Hi,
While working on a project, I deciding to make execution time measurements by reading the mcycle register. The result was mediocre and after investigation it seems that function calls are the problem.
I created a small project to test that out :
/* Copyright 2019 SiFive, Inc */
/* SPDX-License-Identifier: Apache-2.0 */
#include <stdlib.h>
#include <stdio.h>
#include <stdint.h> /* for uinptr_t */
#include <time.h>
#include <metal/cpu.h>
#include <metal/machine.h>
#include <metal/csr.h>
uintptr_t cycle_s, cycle_e;
int main() {
int x =0;
cycle_s=( unsigned int *)malloc(sizeof( unsigned int));
cycle_e=( unsigned int *)malloc(sizeof( unsigned int));
METAL_CPU_GET_CSR(mcycle, cycle_s);
int b =fun(x);
METAL_CPU_GET_CSR(mcycle, cycle_e);
printf(" Elapsed time = %lu clock cycles or %lu microseconds \r\n",(unsigned )(cycle_e-cycle_s),(unsigned )(cycle_e-cycle_s)/16);
free(cycle_s);
free(cycle_e);
return 0;
}
with fun a trivial function described in fun.c :
/*
* fun.c
*
* Created on: 21 Jul 2023
* Author: baf
*/
#include <stdio.h>
#include <stdint.h>
#include <time.h>
#include <metal/cpu.h>
#include <metal/machine.h>
#include <metal/timer.h>
#include <metal/led.h>
#include <metal/csr.h>
extern uintptr_t cycle_s, cycle_e;
int fun(int a ){
// METAL_CPU_GET_CSR(mcycle, cycle_s);
a ++;
//METAL_CPU_GET_CSR(mcycle, cycle_e);
return a;
}
When measuring the elapsed time inside the fun(), it of course only take 4 clock cycles.

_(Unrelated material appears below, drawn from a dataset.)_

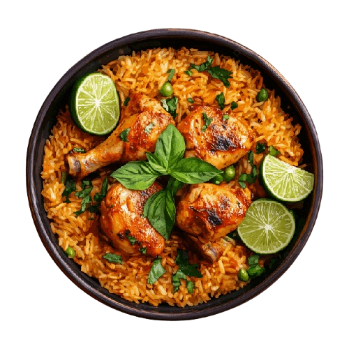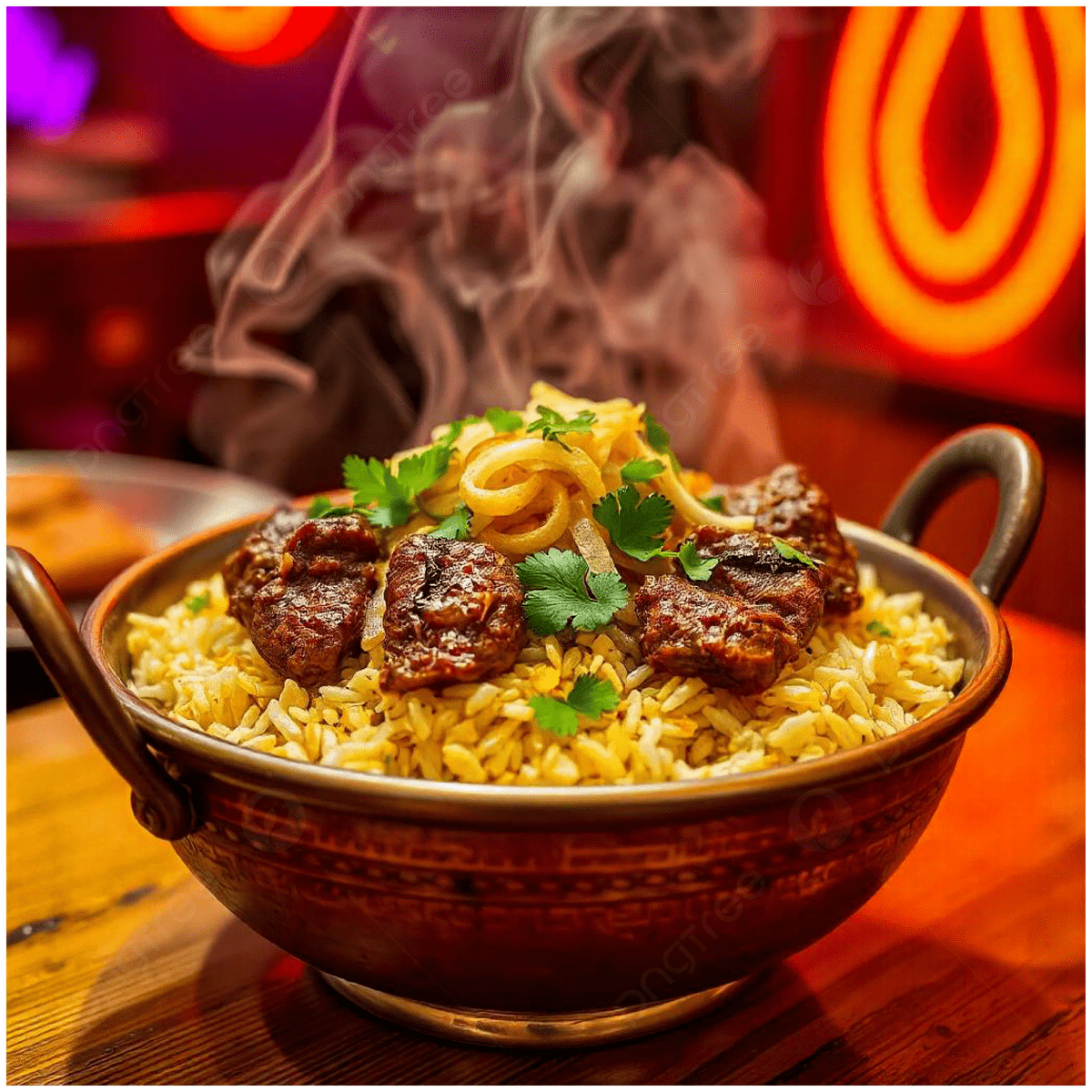 Fragrant basmati rice layered with spiced meat and herbs for a royal Indian feast.

However measuring the elapsed time inside main gives 2414 clock cycles.
I did not see any extra instructions in disassembly nor a jump to the interrupt handler or anything when going step by step with the debugger. I have no idea what happens during these thousands of clock cycle
If anyone has already experimented this issue or has any ideas, I would be grateful.